In Italia essere trovati in possesso di un quantitativo di droga leggera per il cosiddetto « uso personale », è vero, non costituisce reato, ma espone comunque il possessore a fastidiose e sanzioni di tipo amministrativo, che si aggravano nel caso in cui si sia in possesso di una patente di guida e si abbia la « disponibilità » di un veicolo di qualunque tipo. Dunque tali sanzioni prescindono dall’ipotesi di guida sotto effetto di sostanze stupefacenti o psicotrope.
Esse sono comminate dal prefetto, a dunque a seconda della « linea » tenuta dalla prefettura che le irroga, possono essere anche molto stringenti.
Sicuramente districarsi in una situazione del genere per chi non è un esperto di diritto non è facile ma il consiglio è, laddove ve ne siano i presupposti, di fare opposizione entro i termini che sono indicati nel provvedimento che spesso arriva al destinatario anche dopo anni.
Naturalmente la contestazione deve essere fondata e non pretestuosa, può basarsi su errori del verbale, vizi di motivazione, errori di notifica ecc…
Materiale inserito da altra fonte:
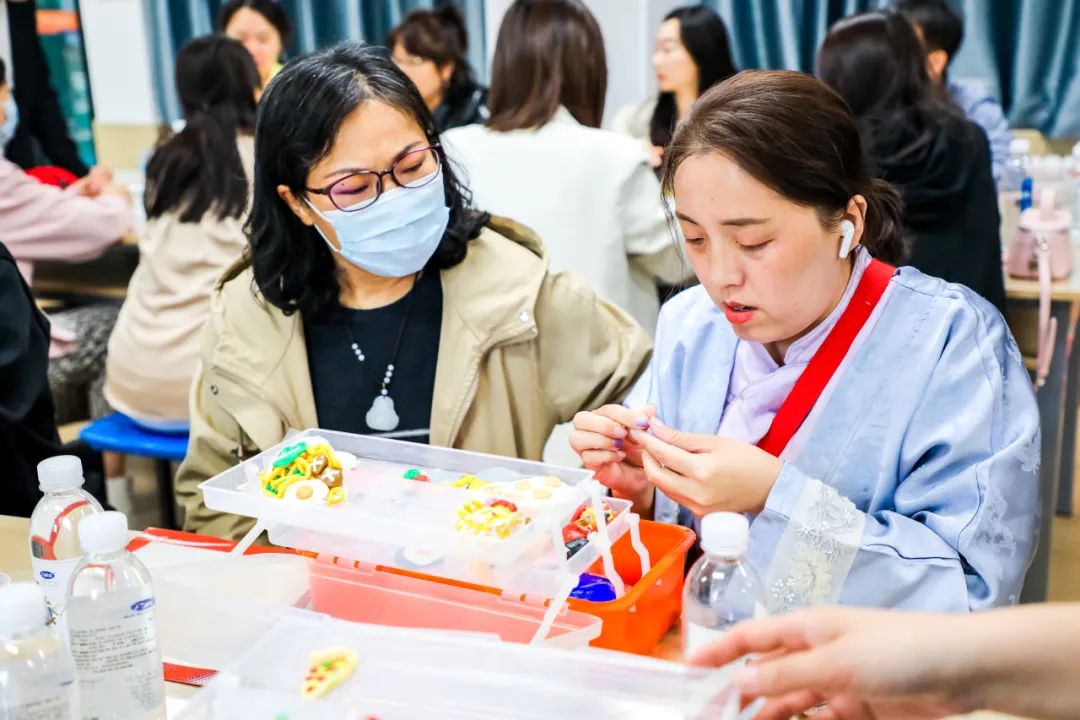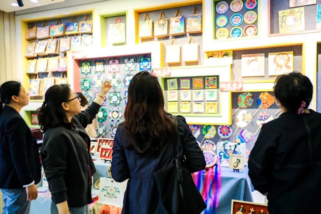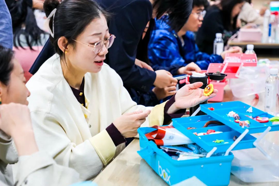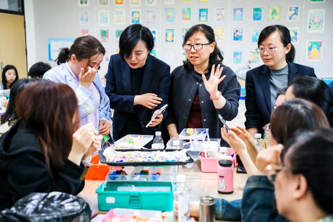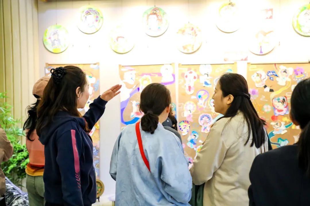 随后,老师们移步至软陶创作体验区。在这里,老师们亲身体验了我校艺术特色课程的软陶材料。最后,老师们来到学生作品展区。孩子们用稚嫩却充满灵性的笔触,重新演绎飞天的飘逸、藻井的华美。一幅幅作品中,传统元素与现代创意碰撞出绚丽火花,展现出对敦煌艺术天马行空的独特理解。

I termini indicati nel provvedimento sono perentori: questo vuol dire che una volta decorsi non sarà più possibile proporre impugnazione alcuna.
Gli artt. 75 D.P.R. 309/90 e 128 e 187 C.d.S. tracciano il quadro normativo nella materia delle citate sanzioni amministrative.
Dopo il rinvenimento della sostanza generalmente vengono effettuati i controlli e gli esami chimici che ne determinano la tipologia, il peso ed il quantitativo di principio attivo (per marijuana, hashish e derivati la soglia massima per non incorrere in un reato, attualmente è di 0,5 gr di THC). Questo vuol dire che se il quantitativo è superiore, i problemi saranno maggiori perché si integrano gli estremi del reato penale.
A questo punto il prefetto convoca il soggetto per un colloquio, con invito che viene notificato all’indirizzo del destinatario.
Se il destinatario non si presenta sono comminate ulteriori sanzioni (sospensione della patente, sospensione del passaporto e carta di identità invalidata per l’espatrio).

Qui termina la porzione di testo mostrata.